Duke's net-zero carbon strategy places equal weight on energy storage and a collection of commercially unproven technologies. (Image credit: Duke Energy)

Duke Energy dismisses the “no new gas” scenario pushed by some environmental groups, arguing that it would require storage investments by 2030 equivalent to 17 times the installed capacity on the grid today.

“We are not aware of any electric utility in the U.S. that has attempted to serve customers reliably at scale with such a high proportion of capacity from energy storage,” Duke's net-zero report notes.

Batteries vs. unknown future technologies

Kuznar took a more nuanced, operations-centric approach, noting that batteries are unlikely to ensure power through a multiday polar vortex but could be useful for replacing peakers that run four hours or less at a time.

“I don't believe that renewables-plus-batteries will be the answer to all of this, but it’ll be a piece of it,” he said. 

Duke balances its planned 13 gigawatts of energy storage by 2050 with an equal amount of a new category called “zero-emitting load-following resources” or ZELFRs.
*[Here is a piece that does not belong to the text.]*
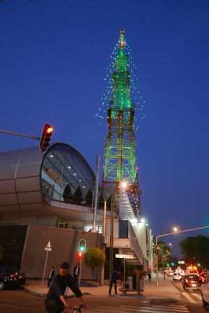 食べ終わると、「Televisa」という地元のTV局の横を通り、Arena Méxicoに向かった。クリスマスシーズンだからなのかTV局の鉄塔もクリスマスカラーになっていた。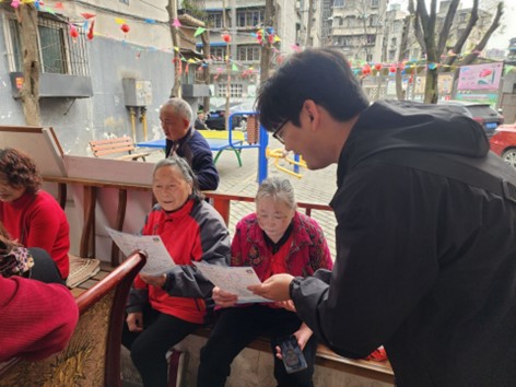 图七 志愿者在社区中给居民讲解成都公共交通优惠政策

The concern for seeing present-day market traction goes out the window for ZELFRs, none of which have achieved widespread commercial success. They include small modular nuclear reactors, carbon capture and storage, hydrogen and long-duration storage.

We already know enough right now that we should be going whole hog into renewables-plus-storage,” said Daniel Tait of utility watchdog Energy and Policy Institute, which published a critique of Duke’s net-zero strategy. “We don't need to open up this Pandora's box of made-up technologies at this stage.” 

If Duke holds out for the unproven technologies that may materialize in 20 years, Tait said, it could miss the opportunity to make easier, incremental investments in carbon-free peak resources that are already real, proven and competitive, including batteries and demand-side management tools.

“It’s going to be up to [regulatory] commissions to hold Duke accountable,” he said.

Utilities that try out a major battery tend to like it, and then they ramp up battery procurements dramatically. Duke has already called for several hundred megawatts based on a handful of smaller systems; it should be getting to its first large applications in the next couple of years. That process could instill more confidence in batteries for future sustainability planning.